Michael Barone‘s latest column examines how President Obama’s policies have affected one of his largest sources of support: young adults.
What do young Americans want? Something different from what they’ve been getting from the president they voted for by such large margins.
Evidence comes in from various polls. Voters under 30, the Millennial generation, produced numbers for Barack Obama 13 percentage points above the national average in 2008 and nine points above in 2012.
But in recent polls, Obama’s approval among those under 30 has been higher than the national average by only one percentage point (Quinnipiac), two points (ABC/Washington Post) and three points (YouGov/Economist). …
… The reasons for Millennials’ decreased approval of Obama become clear from a Harvard Institute of Politics (IOP) poll of 18- to 29-year-olds conducted in November.
That poll shows Obama’s job approval dipping to 41 percent, down from 52 percent in April 2013 and the lowest rating in any IOP survey.

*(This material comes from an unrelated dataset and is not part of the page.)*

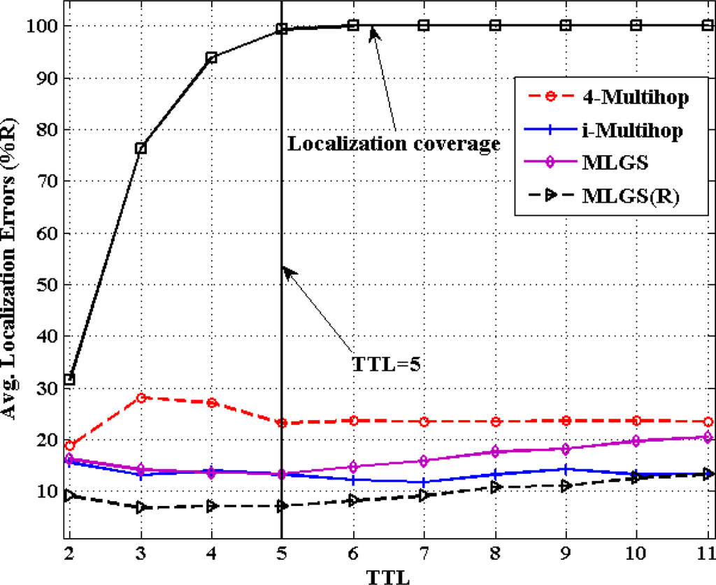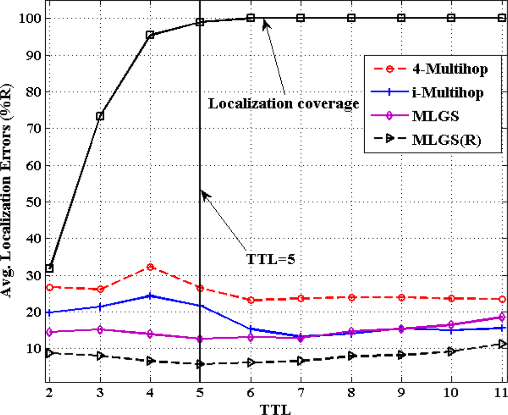In isotropic network, 4-Multihop performs the worst. Its average error varies significantly when TTL ≤ 5 and remains generally stable (about 23%) after TTL > 5. The localization accuracies of MLGS, MLGS(R) and i-Multihop are less affected by TTL and are always better than that of 4-Multihop. Among them, MLGS(R) gives the smallest localization error of about 10%. Through the accuracy of i-Multihop slightly exceeds that of MLGS when TTL ≥ 6, but it is always lower than that of MLGS(R). In anisotropic network, 4-Multihop still has the lowest accuracy. i-Multihop is greatly affected by irregular network, and its average error is about 5% higher than that of MLGS when TTL ≤ 5. With the increase of TTL, the number of distance constraints in i-Multihop rises, and the accuracy of i-Multihop is gradually near to that of MLGS. Through refinement, MLGS(R) can increase the localization accuracy by more than 5%. And in most cases, its average error is less than 10% of the communication radius of sensor nodes.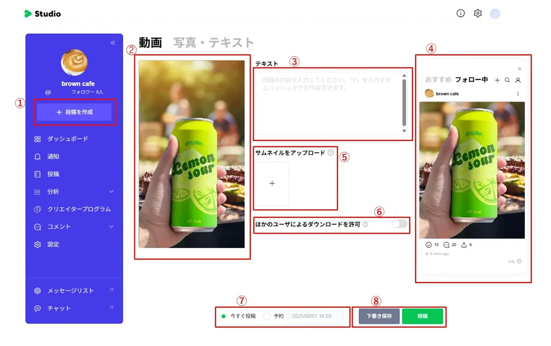 | ⑧ | 内容を編集後、[下書き保存]または[投稿/投稿を予約]を選択します。 ※同時刻に投稿予約を行った場合、一覧画面で保存した順に番号がつき、その番号どおりに予約・配信されます。 |

One reason for the decline is Obamacare. Only 38 percent approved of Obamacare (39 percent approved of “the Affordable Care Act”). Only 29 percent of those who were uninsured said they would definitely or probably enroll in the health-insurance exchanges.
Those results were registered five to nine weeks after the October 1 Healthcare.gov rollout. Tech-savvy Millennials must have been astonished that the government produced a website that didn’t work.
They also perceived, accurately, that Obamacare health insurance would cost them a lot. The law passed by Democrats elected in large part with Millennial votes was designed to have people under 30 subsidize the insurance premiums of those older, less healthy people over 50.